2026-03-06 // claude-codeaitools

─────────────────────────────────────────

Claude Code 4 / 8

Introduction

In the previous guide we covered how CLAUDE.md gives Claude project context and how settings.json controls permissions. This guide covers the extensibility layer — the tools that let you teach Claude new capabilities and connect it to external services.
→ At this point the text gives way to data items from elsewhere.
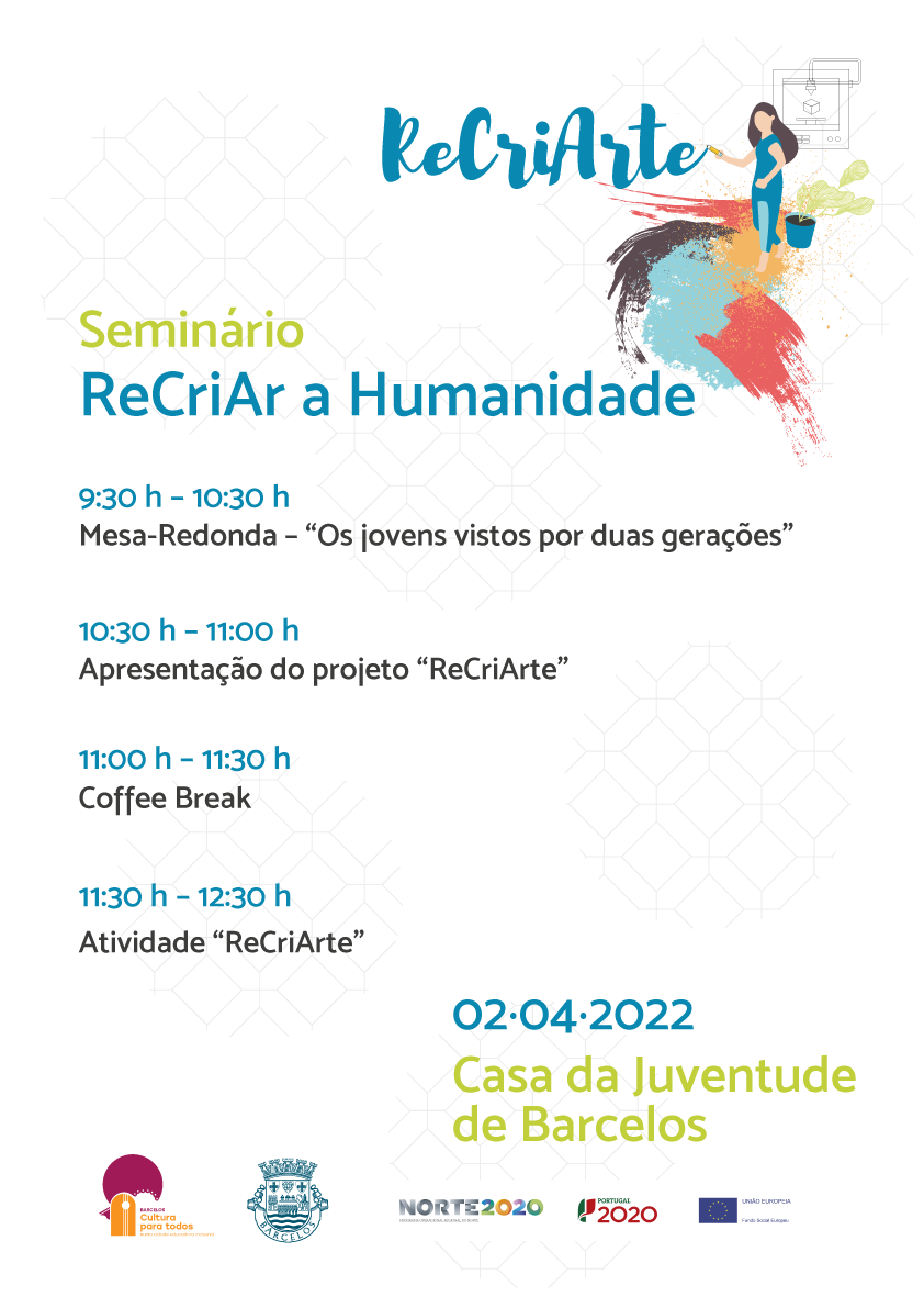 Realiza-se no próximo dia 2 de abril, entre as 9h30 e as 12h30, na Casa da Juventude de Barcelos, o Seminário "Recriar a Humanidade", uma ação que faz parte do "Programa Cultura para todos numa cidade educadora inclusiva", promovido pelo Município de Barcelos e cofinanciado pelo Fundo Social Europeu, através do programa Norte 2020.
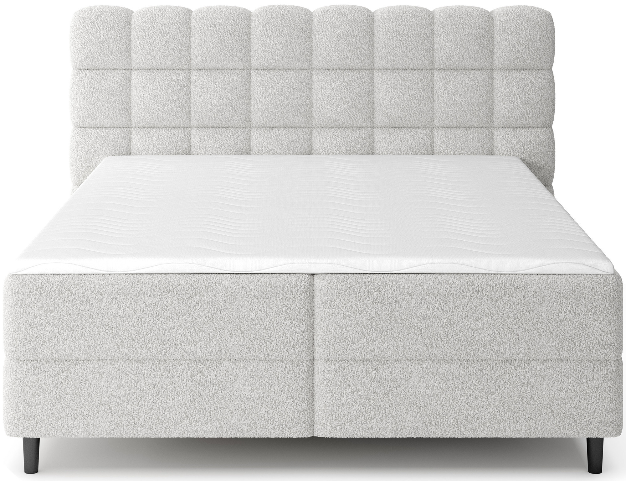 The Camma continental bed combines modern design, functionality and outstanding sleeping comfort, making it the perfect choice for an elegant and practical bedroom; available in three sizes – 140x200 cm, 160x200 cm and 180x200 cm – it adapts perfectly to both space and individual needs, while its solid construction with a total height of 102 cm and a seat height of 56 cm ensures everyday comfort; the bed has a depth of 222 cm, and the width depends on the chosen model – 162 cm, 182 cm or 202 cm – giving it a stable and impressive look that adds a luxurious touch to any interior; upholstered in a high-quality, soft-touch fabric with a stylishly quilted headboard, it combines modern elegance with comfortable support for reading or relaxing; a practical storage box provides space for bedding and helps keep the bedroom tidy, making the Camma bed not only comfortable but also highly functional; the design is complemented by 10 cm black wooden legs that add visual lightness and make cleaning underneath the bed easier; the Camma model is the ideal choice for those who value modern style, elegance, durability and comfort, ensuring healthy and restful sleep every night.
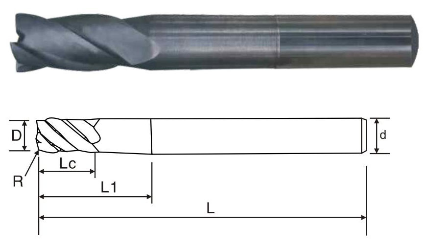 | 商品編號(hào) Product number | 刃徑(D) Blade diameter | R角 R angle | 刃長(zhǎng)(Lc) Blade length | 柄徑(d) Shank diameter | 全長(zhǎng)(L) Overall length | 刃數(shù) Flute |
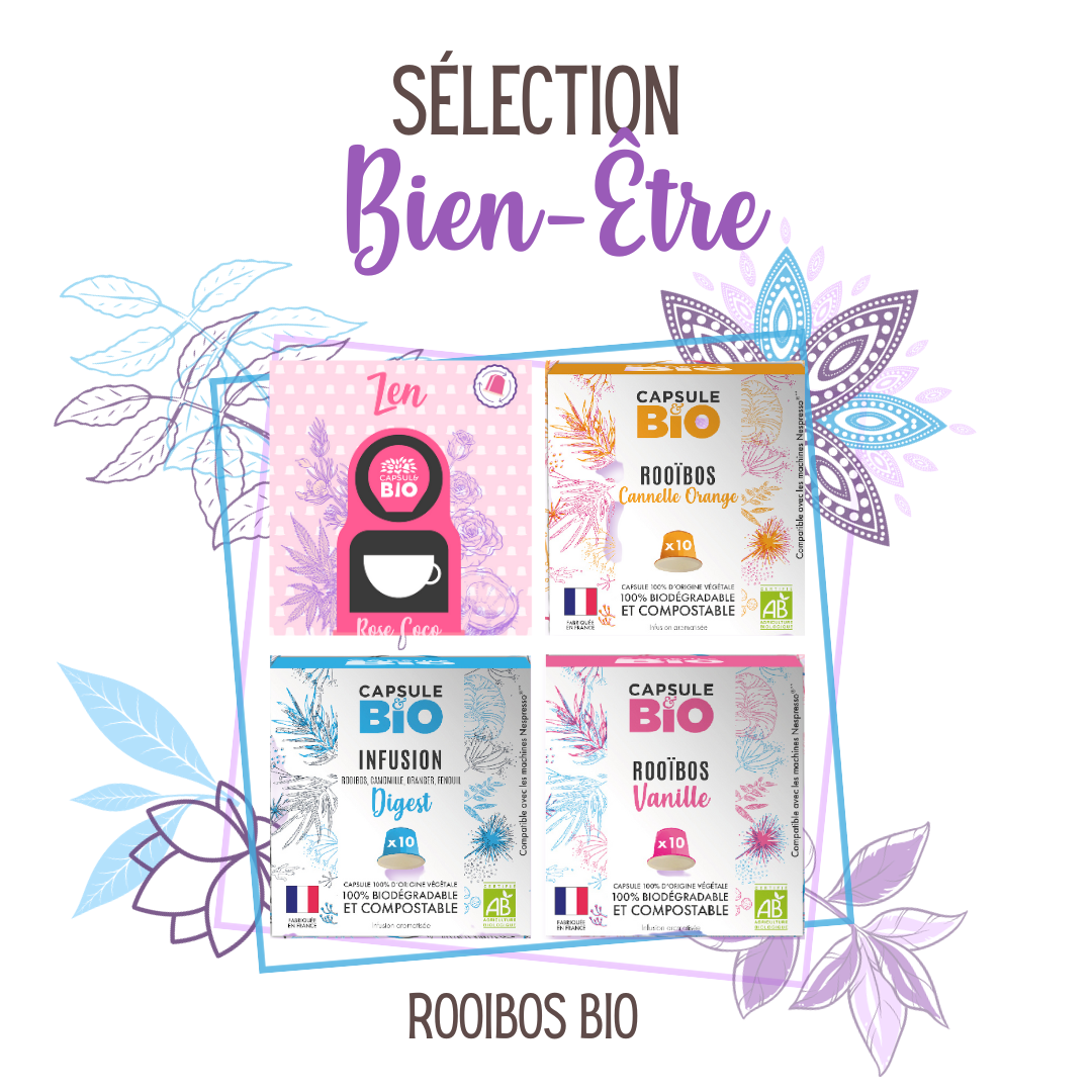Capsul&bio vous propose sa sélection de recettes relaxantes : le coffret BIEN-ÊTRE de 4 recettes de rooibos bio:
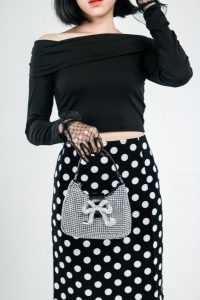 It’ll fit your phone, cardholder and compact for quick and easy touch-ups throughout the evening.
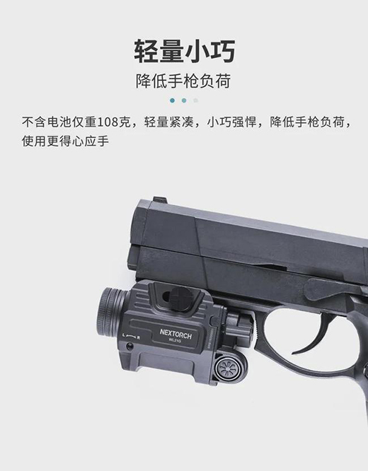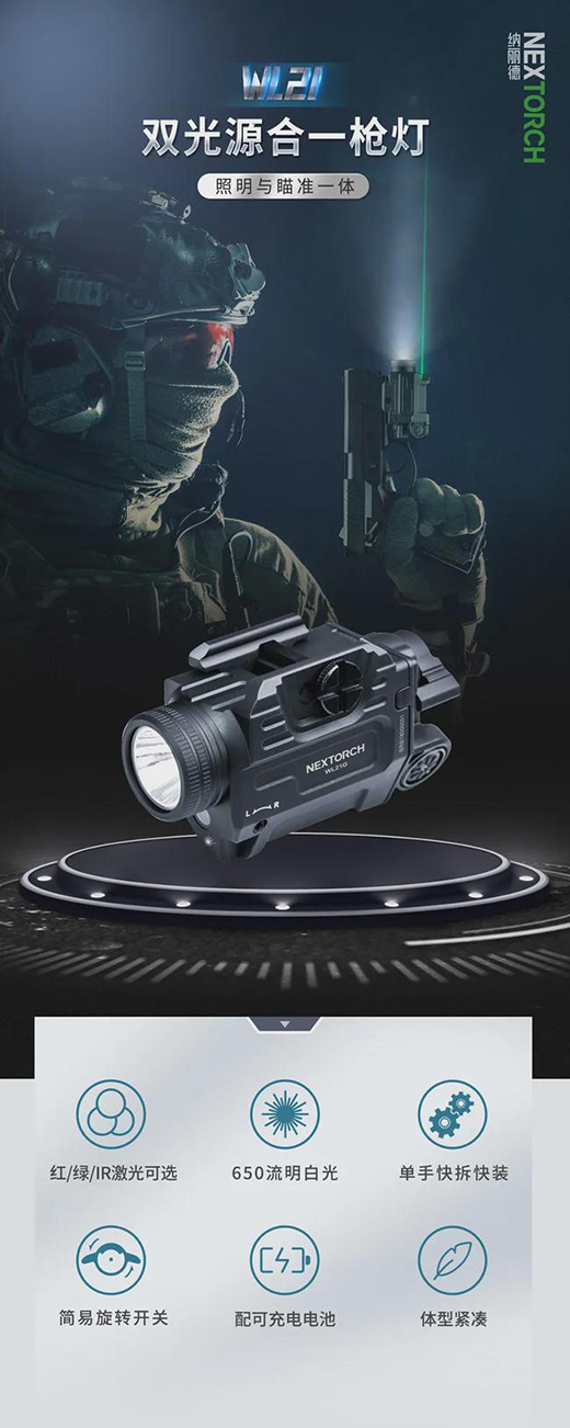 納麗德WL21雙光源合一槍燈,整合照明識別和激光瞄準(zhǔn)功能,更能夠輔助射擊或震懾潛在的攻擊威脅。
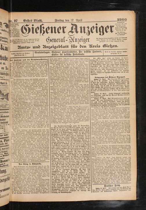 HUt Anzeigrn-VermittlungSstkllen des In- und Auslandes uthm.n Anzeigen für den Gictzener Anzeiger entgegen. ZeilenpreiS: loTal 12 Pfg., auswärts 20 Pfg.
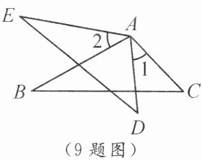 9. 如图,$AC = AD$,$\angle 1 = \angle 2$,要使$\triangle ABC\cong\triangle AED$,应添加的条件是
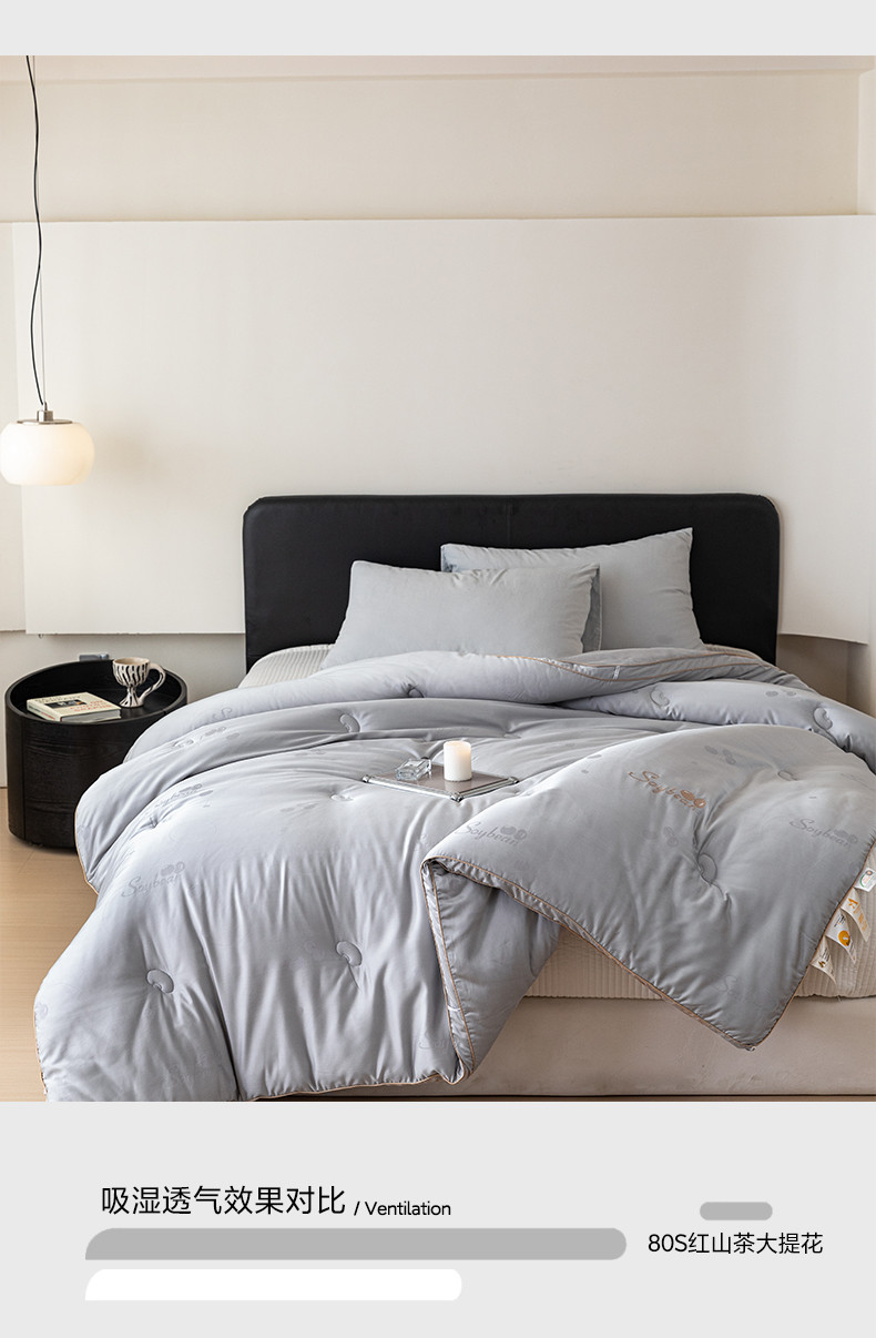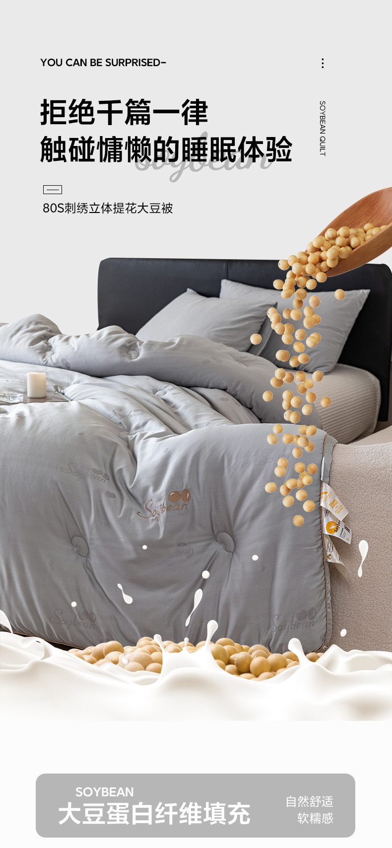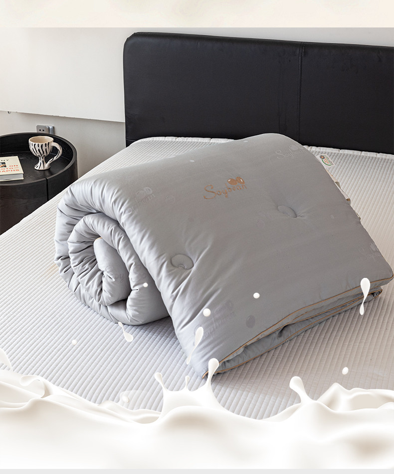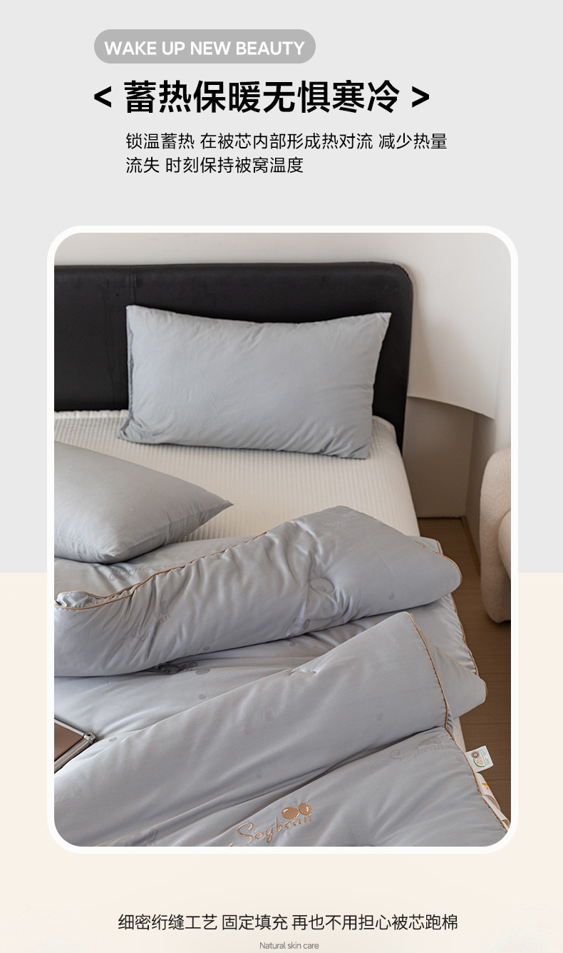(总)心悦家纺 2025新款99A类全棉原棉大豆蛋白被,豆沙,灰色,原棉白
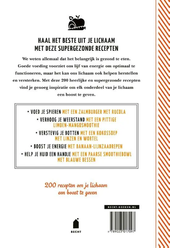 Geef je lichaam en gezondheid een opkikker met de recepten uit ‘Supergezond’! In deze ultieme gezondheidsgids vind je maar liefst 200 recepten die je lichaam een boost kunnen geven. Boost je brein met een voedzame tonijnsalade, verzorg je buik en darmflora met heerlijke kimchi en versterk je botten met een smakelijke kokossoep. Van je huid, weerstand en hart tot je buik, brein en botten: élk aspect van je lichaam komt aan bod. Zo ontdek je snel alle gezondheidsvoordelen die bepaalde voeding met zich meebrengt. Met ‘Supergezond’ geef je jezelf de ultieme gezonde boost.
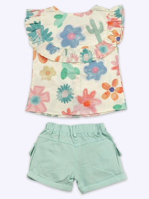 Floral Printed Sleeveless Top & Shorts Clothing Set
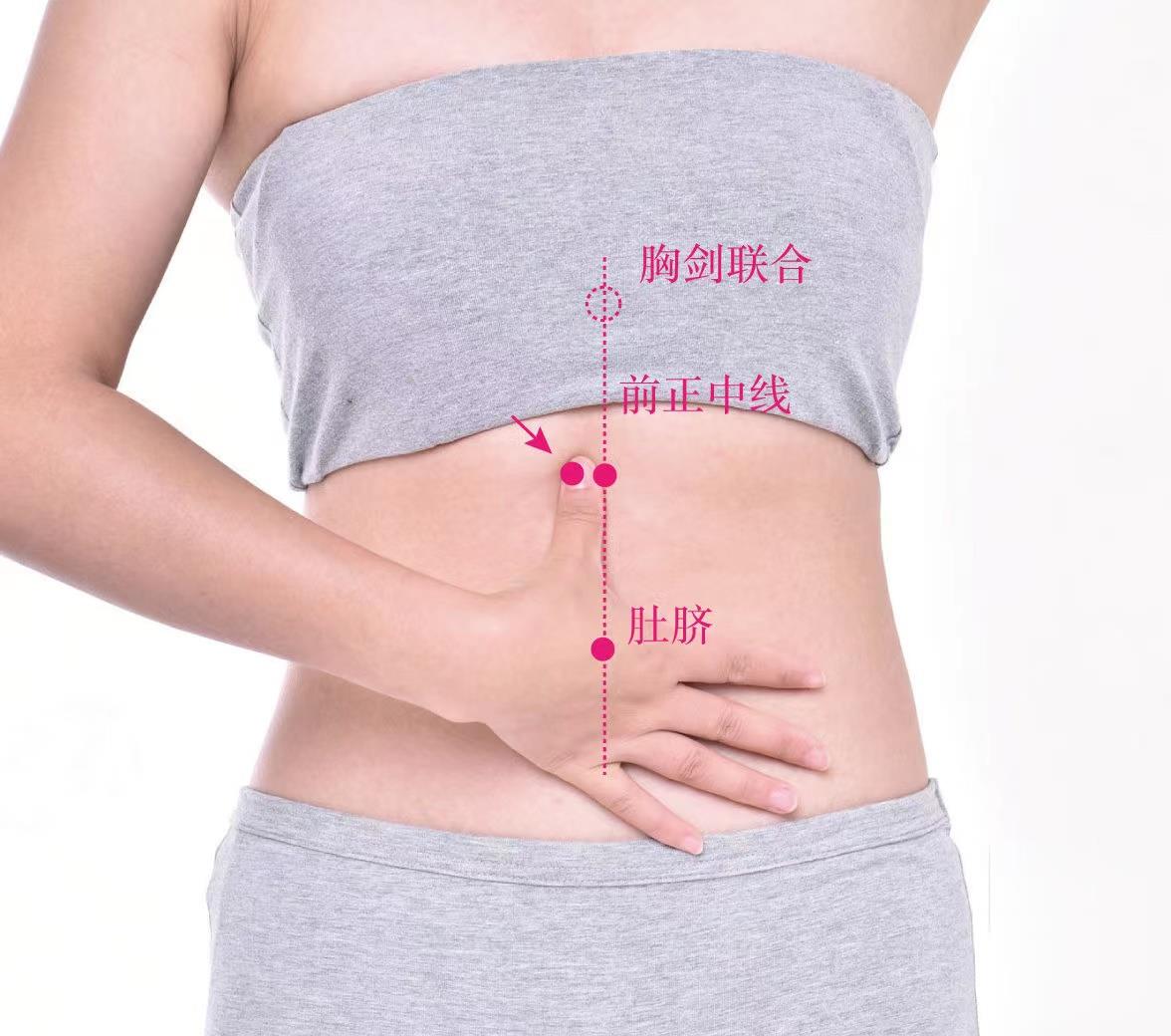 【取穴方法】在上腹部,臍中上4寸,前正中線旁開(kāi)0.5寸。劍胸聯(lián)合與肚臍連線中點(diǎn),再旁開(kāi)半橫指處即是該穴。
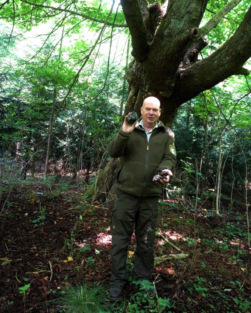 Wer Lust habe, könne sich im Goldberger Heimatmuseum auch einmal eine der größten Sammlungen von Waldglas und der damals produzierten Flaschen und Gläser anschauen, wirbt der Ranger. Ihm selbst habe dort vor allem die enorme Flaschensammlung imponiert. „Eine ganze Wand voll.“ Er sei ja auch ein fleißiger Sammler alter Glasflaschen, aber da könne er nicht mithalten. Am Karower Meiler warten sie dann schon auf ihn. Ein Hilferuf. Henry Fritz soll ein Hornissennest umsetzen. Eigentlich wollte er jetzt die Sternbeobachtungsplätze von Wildwuchs freischneiden. „Aber das wird auch noch“, sagt er.
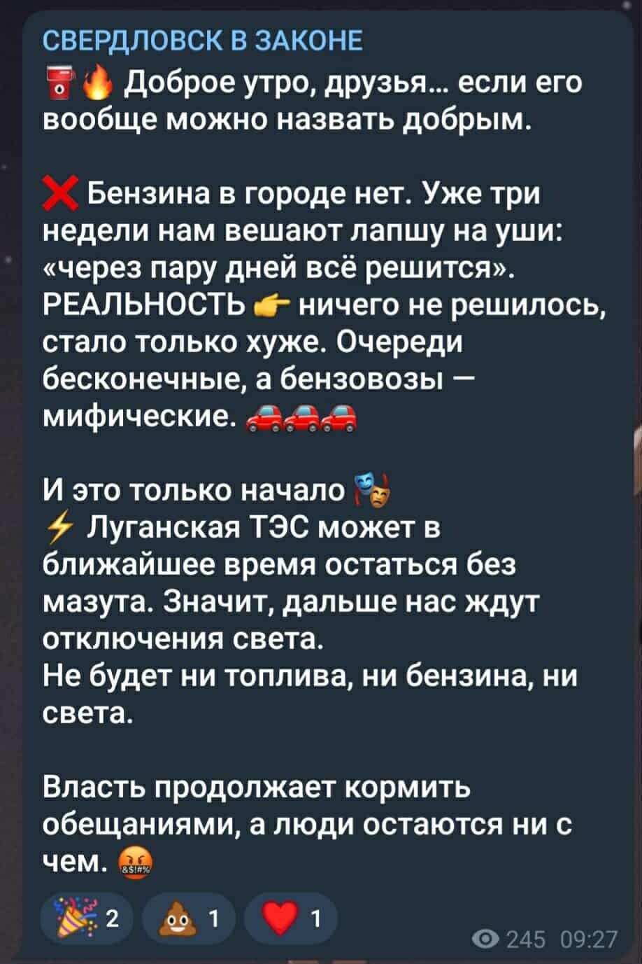 Донбас гине. На усю окуповану територію Луганщини та Донеччини більш менш життя зі світлом, водою, опаленням існує лише у кількох містах – Луганськ, Донецьк, Свердловськ (Довжанськ), Ровеньки, Красний Луч (Хрустальний), Краснодон (Сорокине), але Донбас гине.

If you haven’t read the earlier guides: Installing Claude Code, Using the Claude Code TUI, CLAUDE.md and Settings.

Context is Everything

Before diving into skills, agents, and MCP servers, it’s worth understanding why they exist. It comes down to one thing: context window management.

Claude Code context usage

Claude’s context window is like RAM — it’s finite, and everything competes for space. Your CLAUDE.md, the conversation history, file contents Claude has read, tool descriptions, and the actual work Claude is doing all share the same pool. Research has shown that LLMs start to degrade at around 50-60% context utilisation, so you want to be efficient with what goes in.

Every MCP tool definition costs 500-2,000 tokens just to describe it. If you connect five MCP servers with ten tools each, you could burn 25,000-100,000 tokens before Claude even starts working on your task. That’s context that could have been used for actual code.

Skills and CLI tools take a different approach. Skills only load when triggered — their description sits in the frontmatter (50-100 words), and the full content only enters the context when Claude actually needs it. CLI tools cost nothing in the context window until Claude decides to run them. This is why skills and CLI tools are generally better for context utilisation than MCP servers with many tools.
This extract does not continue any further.